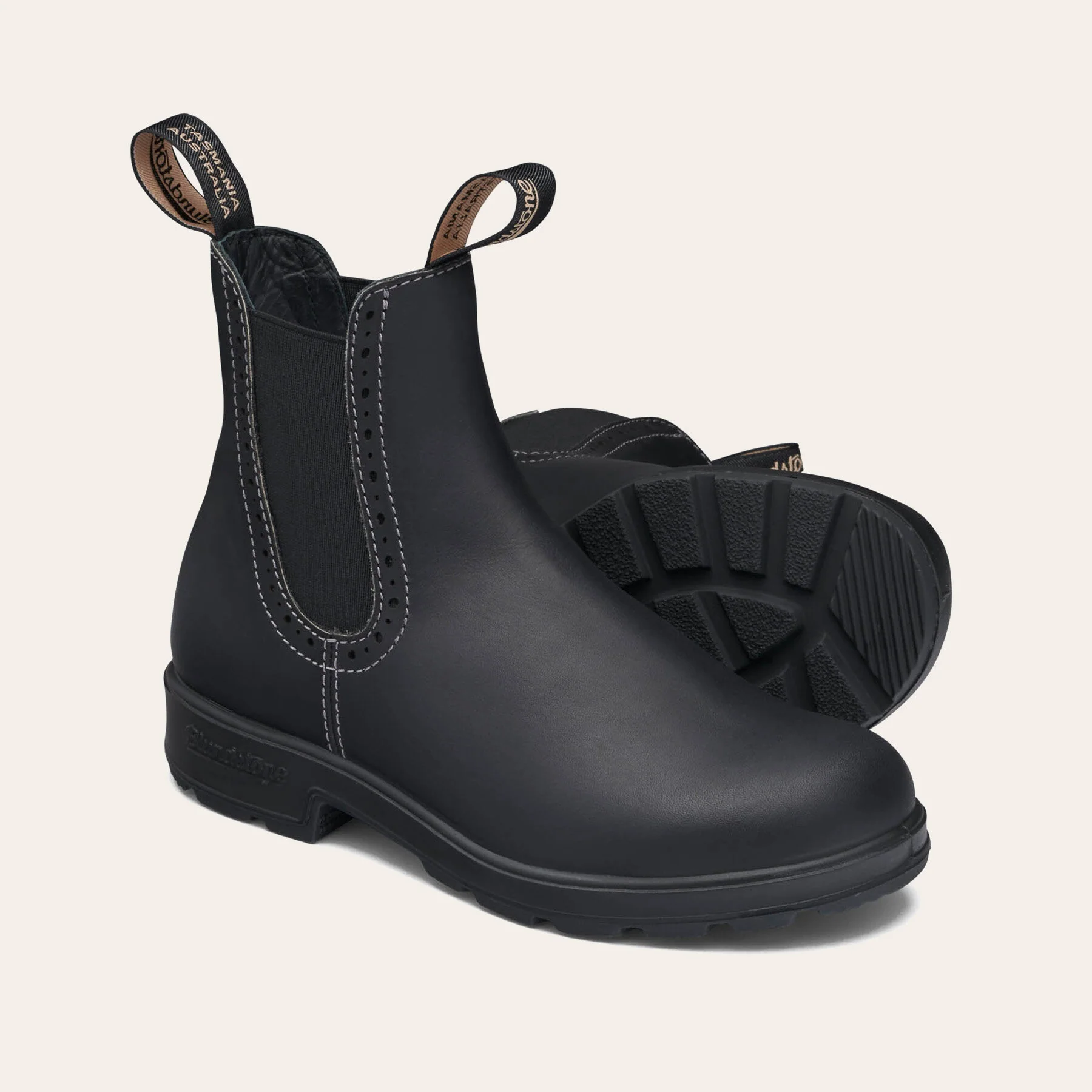 Las Blundstone #1448 de la colección Originals están fabricadas en piel negra y se caracterizan por un corte más alto que las clásicas botas Chelsea. El modelo es sofisticado y elegante, sin dejar de presentar todas nuestras características clásicas de comodidad: lengüeta doble para facilitar el calce, elástico lateral y suela de goma dentada antideslizante con talón elevado.
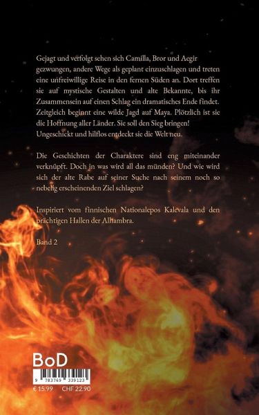 Band 2 - El-Urnans Hexe: Gejagt und verfolgt sehen sich Camilla, Bror und Aegir gezwungen, andere Wege als geplant einzuschlagen und treten eine unfreiwillige Reise in den fernen Süden an. Dort treffen sie auf mystische Gestalten und alte Bekannte, bis ihr Zusammensein prompt ein dramatisches Ende findet. Zeitgleich beginnt eine wilde Jagd auf Maya. Plötzlich ist sie die Hoffnung aller Länder. Sie soll den Sieg bringen! Ungeschickt und hilflos entdeckt sie die Welt neu. Eng miteinander verstrickt sind die Geschichten der Charaktere. Doch in was mündet all das? Und wie wird sich der alte Rabe auf seiner Suche nach seinem noch so nebelig erscheinenden Ziel schlagen? Inspiriert vom finnischen Nationalepos Kalevala und den prächtigen Hallen der Alhambra.
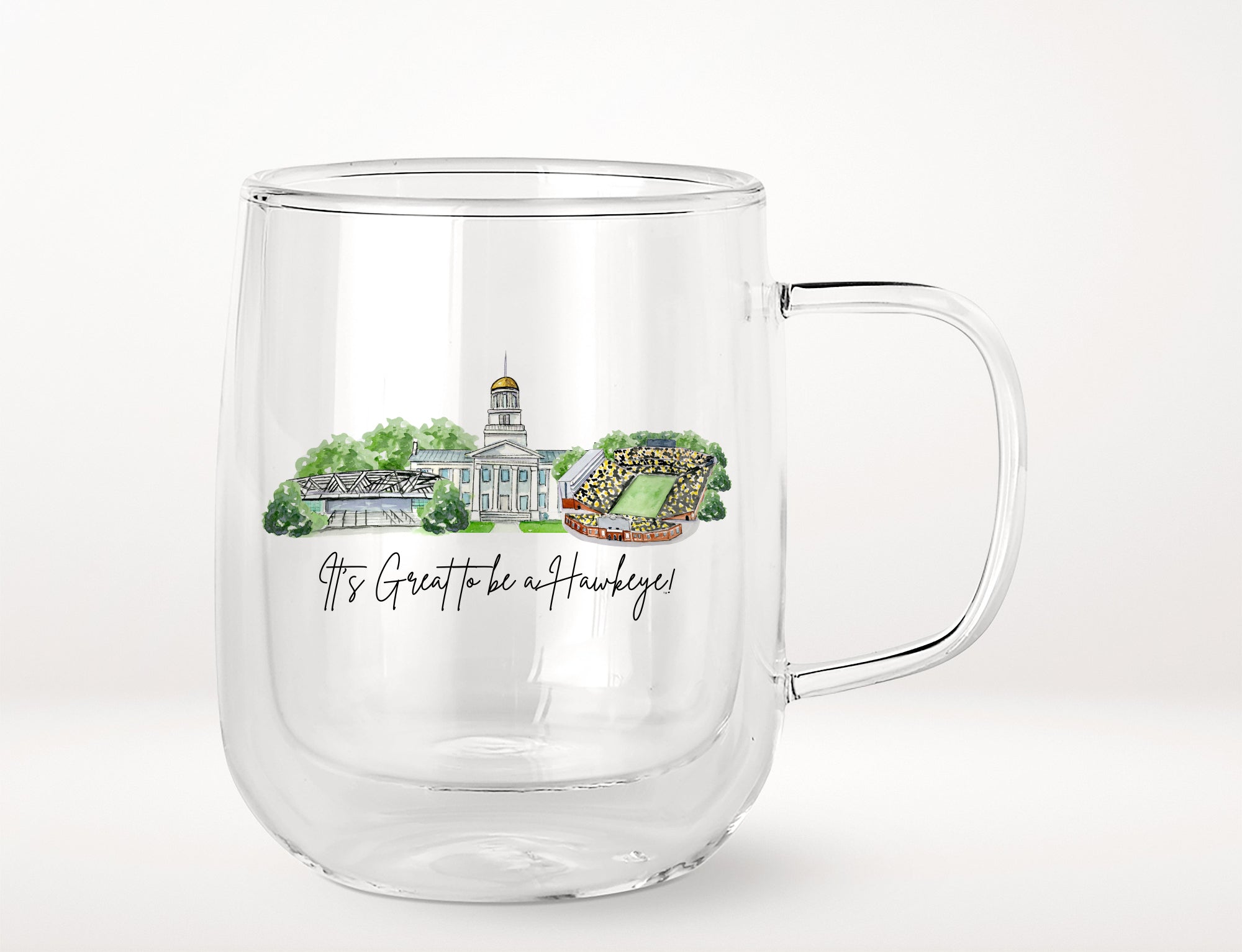 Show your University of Iowa spirit with this officially licensed 16 oz glass mug. Made from durable glass, it features a bold, long-lasting logo. The sturdy handle ensures a comfortable grip, perfect for hot or cold drinks. Ideal for home, office, or game day—sip in style and cheer on your team!

— What is being asked —
Return the full set of lines above word for word and with no pictures.

— Answer box —
 Las Blundstone #1448 de la colección Originals están fabricadas en piel negra y se caracterizan por un corte más alto que las clásicas botas Chelsea. El modelo es sofisticado y elegante, sin dejar de presentar todas nuestras características clásicas de comodidad: lengüeta doble para facilitar el calce, elástico lateral y suela de goma dentada antideslizante con talón elevado.
 Band 2 - El-Urnans Hexe: Gejagt und verfolgt sehen sich Camilla, Bror und Aegir gezwungen, andere Wege als geplant einzuschlagen und treten eine unfreiwillige Reise in den fernen Süden an. Dort treffen sie auf mystische Gestalten und alte Bekannte, bis ihr Zusammensein prompt ein dramatisches Ende findet. Zeitgleich beginnt eine wilde Jagd auf Maya. Plötzlich ist sie die Hoffnung aller Länder. Sie soll den Sieg bringen! Ungeschickt und hilflos entdeckt sie die Welt neu. Eng miteinander verstrickt sind die Geschichten der Charaktere. Doch in was mündet all das? Und wie wird sich der alte Rabe auf seiner Suche nach seinem noch so nebelig erscheinenden Ziel schlagen? Inspiriert vom finnischen Nationalepos Kalevala und den prächtigen Hallen der Alhambra.
 Show your University of Iowa spirit with this officially licensed 16 oz glass mug. Made from durable glass, it features a bold, long-lasting logo. The sturdy handle ensures a comfortable grip, perfect for hot or cold drinks. Ideal for home, office, or game day—sip in style and cheer on your team!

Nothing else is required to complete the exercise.